Very Proud of Ya is the second studio album by American rock band AFI. It was released on June 18, 1996, through Nitro Records.

Professional ratings
Review scores
| Source | Rating |
| AllMusic | Star |
| Alternative Press | Star Half star |
| Punknews.org | Star Half star |
| The Rolling Stone Album Guide | Star Half star |

==Background==
The liner notes of the album state that all the tracks are copyrighted to Anthems for Insubordinates, while the mailing address states the band's name as Asking for It. It is the last album to feature bassist Geoff Kresge, who illustrated the album cover as well. The album features future band member Jade Puget performing back-up vocals. It was recorded in about a week.

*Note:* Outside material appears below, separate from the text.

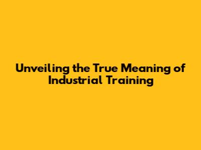 Unveiling The True Meaning Of Industrial Training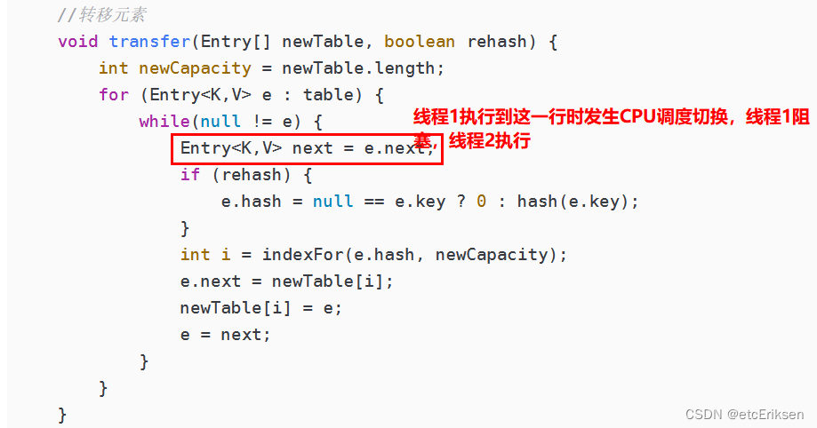 void transfer(Entry[] newTable, boolean rehash) {int newCapacity = newTable.length;for (Entry e : table) {while(null != e) {Entry next = e.next;if (rehash) { e.hash = null == e.key ? 0 : hash(e.key);//再一次进行hash计算?}int i = indexFor(e.hash, newCapacity);e.next = newTable[i];newTable[i] = e;e = next;}}}

In a 2010 interview, Kresge mentioned that several additional songs and guitar solos were omitted due to time constraints, as a result the band re-recorded several songs that had been previously released.

The tracks "Two of a Kind" and "Yürf Rendenmein" were re-recorded from their debut album Answer That and Stay Fashionable. The title of "Love Is a Many Splendored Thing" is a reference to the song of the same name by Sammy Fain and Paul Francis Webster, although it is not a cover.

A music video, the band's first, was made for "He Who Laughs Last..." Directed by Darren Doane and Ken Daurio, it draws inspiration from the film Goodfellas (1990).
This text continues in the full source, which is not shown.